-- Material for this exercise follows --
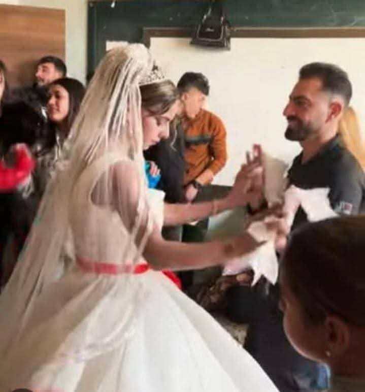 رتبت آفين ثياب زفافها البيضاء في كيس من النايلون، ولم يتوفر لدلشاد الوقت لشراء طقم رسمي يليق بيوم الزفاف.
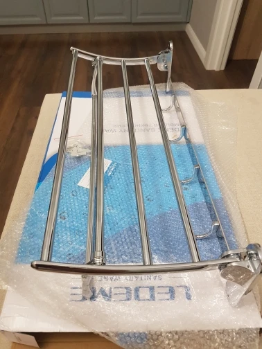 все дошло в целости...полка выглядит отлично..не тяжелая..хромированное покрытие..единственное не было шурупчиков чтобы к стене крепить...но может не входит в комплект.
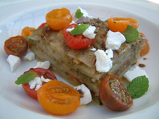 Bake at 150 degrees Celsius for four hours. Remove from the oven and test to see if all layers are cooked right through. Serve warm, or cold once its set. Garnish with semi-dried cherry tomatoes and crumbles of feta.
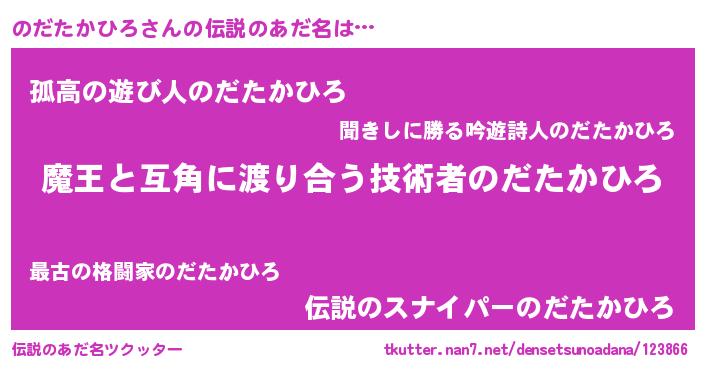 | 男性向けラノベタイトル風あだ名 | 『転生したらのだたかひろだった件』 |
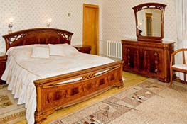 Двуспальная кровать, Две тумбочки, Два светильника, Туалетный столик с зеркалом, Стул, Телефон, Чайник.
-- Material for this exercise concluded --
[Problem to work on]: The expected output is every line of the data, unchanged, with the pictures skipped.

[Expected answer]:
 رتبت آفين ثياب زفافها البيضاء في كيس من النايلون، ولم يتوفر لدلشاد الوقت لشراء طقم رسمي يليق بيوم الزفاف.
 все дошло в целости...полка выглядит отлично..не тяжелая..хромированное покрытие..единственное не было шурупчиков чтобы к стене крепить...но может не входит в комплект.
 Bake at 150 degrees Celsius for four hours. Remove from the oven and test to see if all layers are cooked right through. Serve warm, or cold once its set. Garnish with semi-dried cherry tomatoes and crumbles of feta.
 | 男性向けラノベタイトル風あだ名 | 『転生したらのだたかひろだった件』 |
 Двуспальная кровать, Две тумбочки, Два светильника, Туалетный столик с зеркалом, Стул, Телефон, Чайник.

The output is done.